Canonicalisation layers

Layer Function Scope What it normalises
Message-struct _canonicalize_messages() Before rendering message_id, Inbound Context block, sub-agent Stats: runtime
Inbound Context _canonicalize_inbound_context_block() Inside _canonicalize_messages Produces identical canonical output whether OpenClaw includes or omits the block
Post-render _scrub_cache_key() After apply_chat_template Timestamps, cch= headers, billing headers, <system-reminder> tags
Image identity _inject_image_markers() Post-tokenisation, canonical only 2-token SHA-256 marker per image — forces cache-key divergence on image swap

Cache system

Two independent layers work together to maximise hits.

Layer 1 — Global block-hash cache (LRUPromptCache)

Token-based, no assumptions about session identity or message structure.

  • Chain hashes: prompt tokens are split into 16-token blocks; each block's hash is SHA-256-chained with the prior block's hash.
  • Longest-candidate selection: among entries sharing the same early block hashes, always pick the deepest matching entry.
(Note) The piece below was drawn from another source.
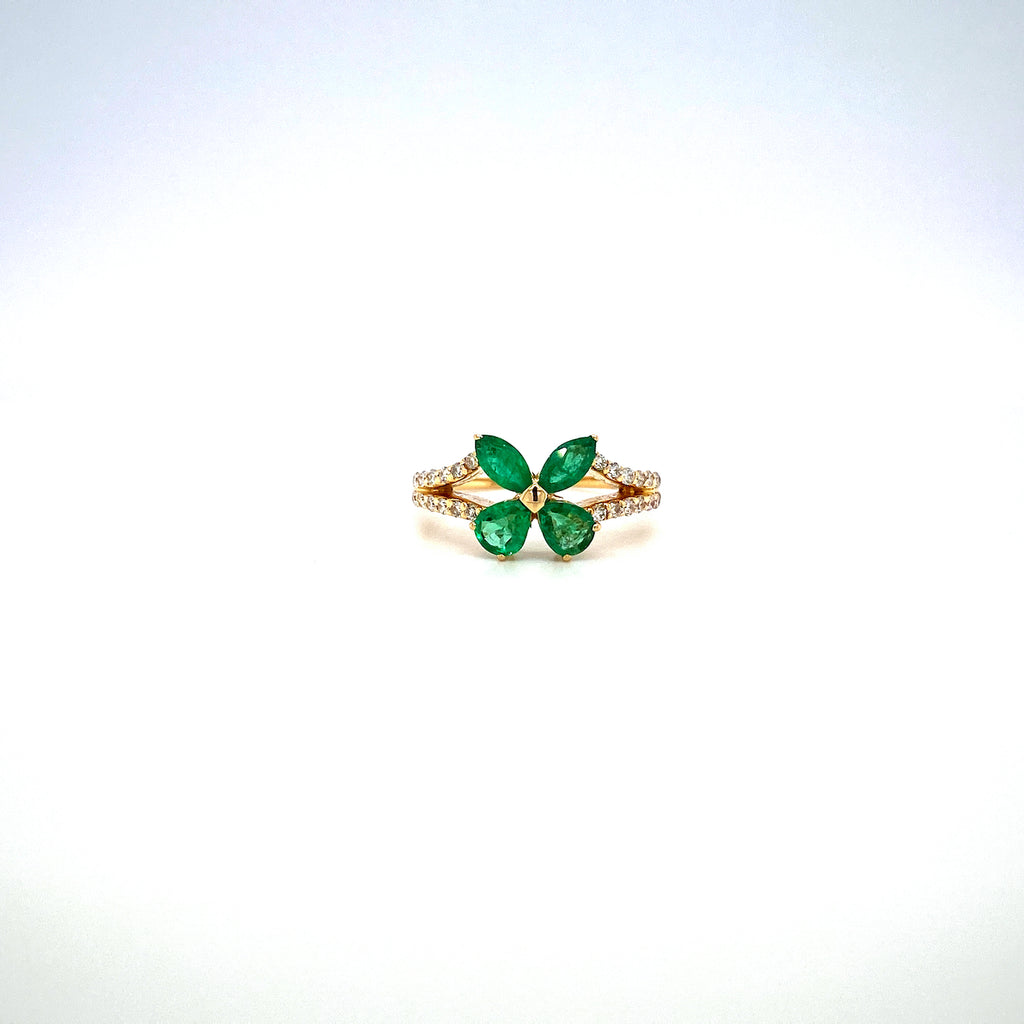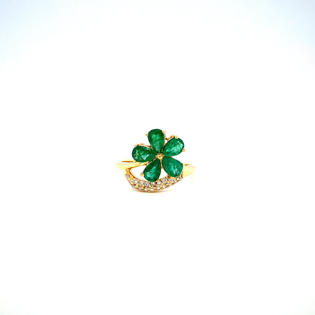 - White gold with emerald and diamond-studded rings in floral shape is a must for your collection. This is a beautiful piece of ring that goes well with all your dresses.

Without this, a short entry shadows a long one and collapses hit rate.
  • Model-space LCP verification: candidate discovery is canonical-token-based, but final acceptance requires entry.model_tokens to be a prefix of the request's model_tokens. This guards against canonical-prefix collisions across different VLM image expansions.
  • Hybrid-cache awareness: Qwen3.6 and other hybrid VLMs expose ArraysCache + KVCache layers that can_trim_prompt_cache reports as non-trimmable. Candidates that would require trim are rejected rather than silently reused at the wrong KV depth.
  • Cost-aware eviction: score = age / (sqrt(length) * log(frequency)). Protects long conversations and frequently-used prefixes; evicts short, old branches.
  • Prefix culling: when a longer entry is inserted, shorter strict prefixes are removed (longest one kept as a safety net). Requires model-token-space prefix match, not just canonical.
  • Metal memory management: mx.metal.clear_cache() runs on eviction to return Metal buffers to the OS pool and prevent monotonic GPU memory growth.
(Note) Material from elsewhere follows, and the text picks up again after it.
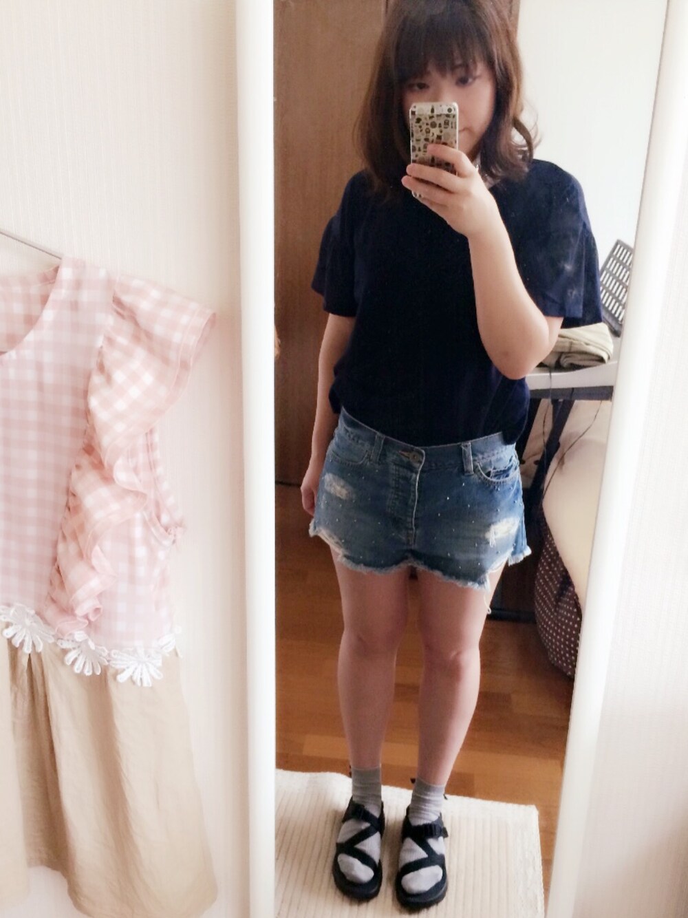 無地カットソーにビジュー付きつけ襟を合わせてシンプルに。 Chacoのサンダルでカジュアルコーデです(^^)

Layer 2 — Message-aware stable-prefix (SESSION_TURN_STORE)

Secondary layer that recovers hits after mid-history mutations (tool-result injections, early whitespace drift, message_id churn).

  • Canonical-form storage and diff: the turn record stores _canonicalize_messages() output, and _message_diff() compares canonical-form leading prefixes. This lets OpenClaw drift (per-turn message_id, Stats runtime, Inbound Context variants) collapse to equality because it IS equal in cache-key space.
  • Exact token boundaries: _compute_msg_token_boundaries() converts the stable message count to an exact token count via cumulative apply_chat_template(messages[:i+1]) rendering. Falls back to even distribution only for VLMs without a usable text template.
  • Secondary lookup: if the global layer returns fewer cached tokens than the stable-prefix layer estimates, a secondary fetch_nearest_cache scoped to the stable prefix forces a match up to the change point.
  • Strict-append write guard: only records when the new canonical list strictly extends the stored one. Prevents sub-agent or parallel-branch requests from clobbering the orchestrator's turn record.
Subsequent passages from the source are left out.